= Takota =

Takota is an Orange County, California band formed in 2005.

The band consists of vocalist Grant Arnow, who is a classically trained singer, drummer Drew Langan, guitarists Brett Anderson and Sergio Ruelas and bassist Danny Roddy. In 2006, the band recorded their debut album The Ivory Tower with Atreyu drummer/singer Brandon Saller producing.

In 2006 they joined Atreyu's World Championship Tour replacing From First to Last who left under controversial circumstances. They opened for Every Time I Die and Chiodos who were already on the tour.

The band was direct support for Bullets And Octane on their tour of the United Kingdom in early 2007.
The band signed with Island Records upon returning from that tour.
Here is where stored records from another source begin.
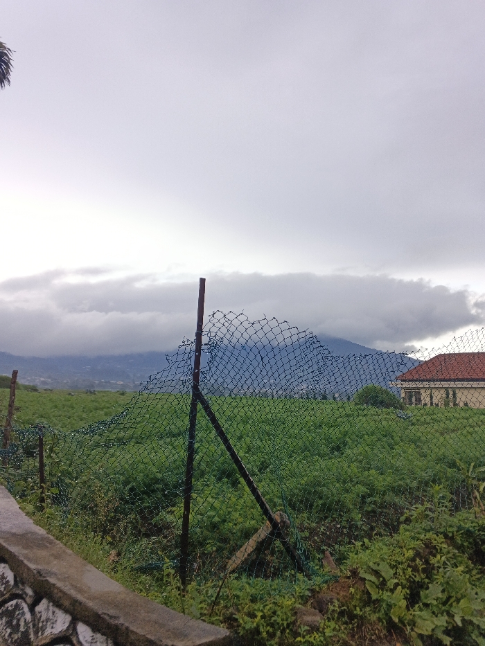 The scene depicts an outdoor landscape in Sindangjaya, Indonesia, under an overcast sky. In the immediate foreground, a concrete barrier with a patterned, possibly stone veneer, runs horizontally along the bottom left. Behind this barrier, a dark green, partially damaged chain-link fence extends across the midground, supported by multiple slender posts, one of which features a diagonal brace. Water droplets are visible on the fence and surrounding vegetation. Beyond the fence, a large field of dense, short green foliage, likely crops, occupies the central midground. To the right, partially visible behind the field, is a building with a light-colored facade and a reddish-orange tiled roof. The background features a distant mountain range obscured by thick, low-hanging grey clouds, consistent with an overcast day. No individuals or discernible actions are present.
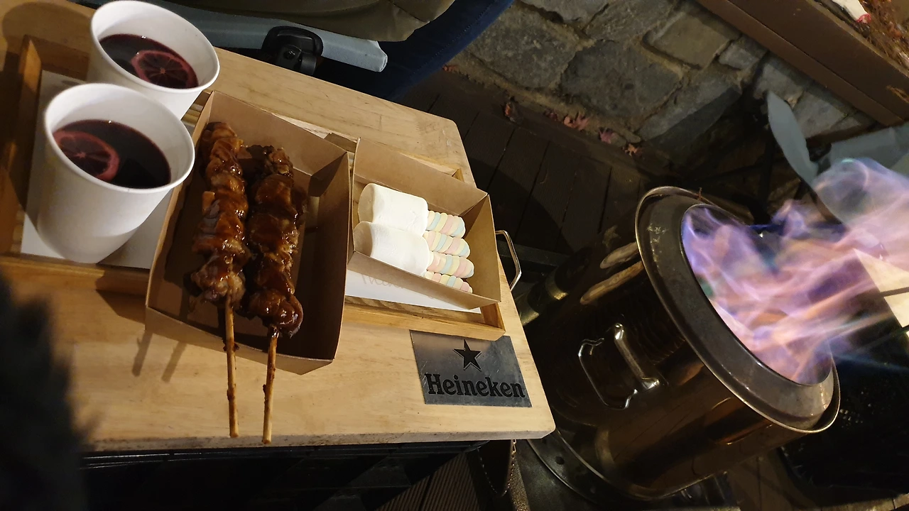 밤이 되자 스키를 타던 사람들이 없고 여러 개의 기계들이 마치 분수처럼 눈을 만들어서 쉬지 않고 뿜어내고 있었다. 그 모습을 보고 다음날 스키 타려는 사람들은 흐뭇할 듯했다. 애견놀이터 앞에서는 이벤트를 하고 있었다. 저녁 6시부터 선착순으로 불멍 하며 음식도 먹을 수 있는 자리가 있었다. 낮에 보았던 작은 엔틱 버스는 음식을 만들어서 판매하고 늦게 온 사람들은 기회가 없었다. 자리가 없어도 다시 돌아가지 않은 채 기다리는 모양이었다.
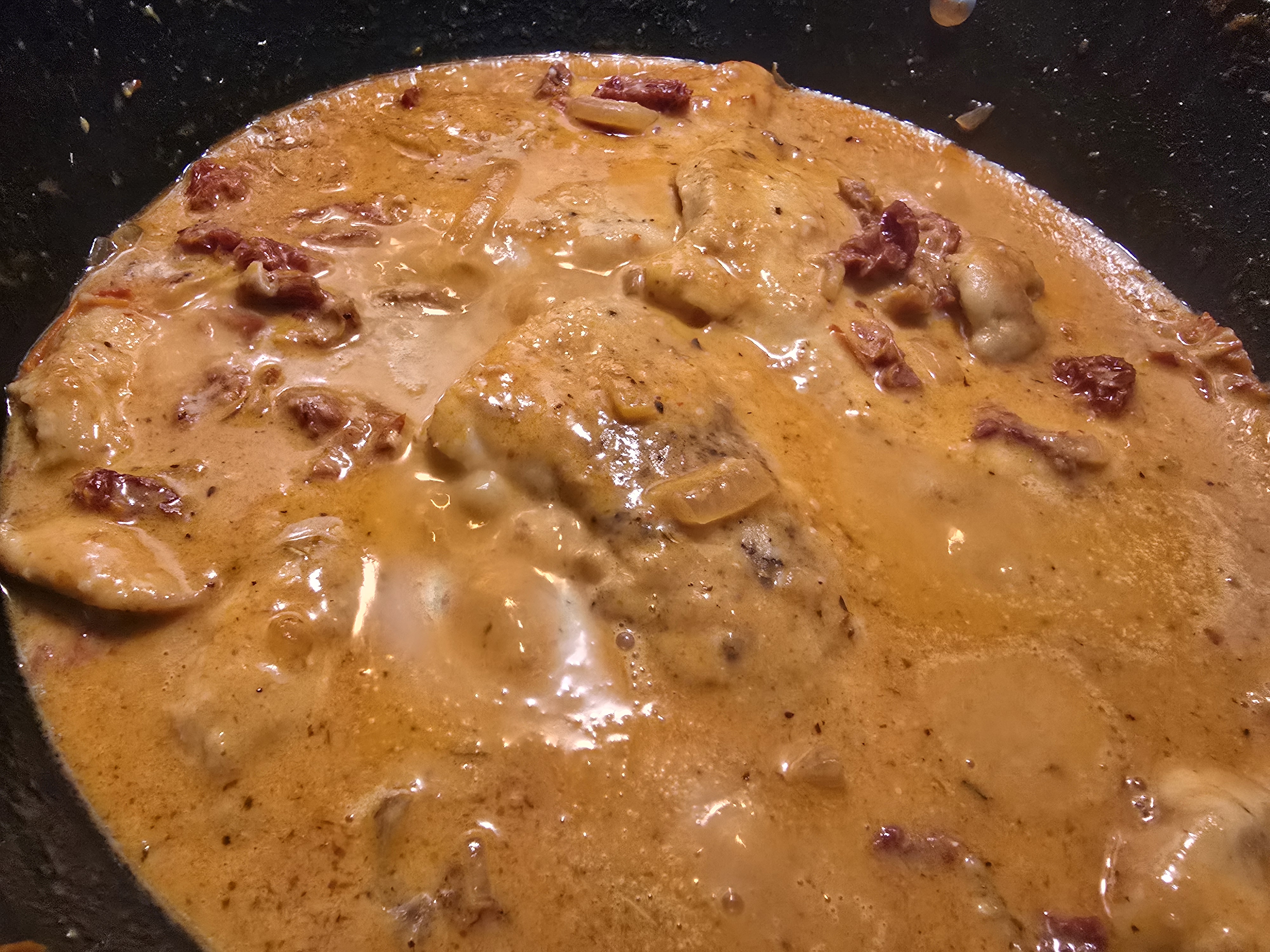 Bring to a simmer. Once at a simmer, add the chicken pack into the pan and cook until the sauce has thickened slightly. Add the cream and parmesan and let simmer for 5-10 minutes.

Guitarist Andy Lara left the band in spring 2007. Drummer Justin Ferreira left the band in March 2009. In March 2008 Sergio Ruelas joined the band lead guitarist. In April 2009 Takota added Drew Langan as their new drummer. Jason Suwito from Irvine, California in the band, Polaris at Noon, was used as backup vocals and played the keyboard for Takota's Bamboozle Left performance in Los Angeles.

The band started recording the follow-up to The Ivory Tower with producer Bob Marlette. The album, titled Just Before Morning.

PopMatters noted in its review of The Ivory Tower, "It’s all in the delivery of vocalist Grant Arnow, who sounds more Steve Perry than Geoff Rickly, displaying a tenor voice made for arenas, making you wonder if this band is going to break into a rendition of 'Open Arms' before the album is over."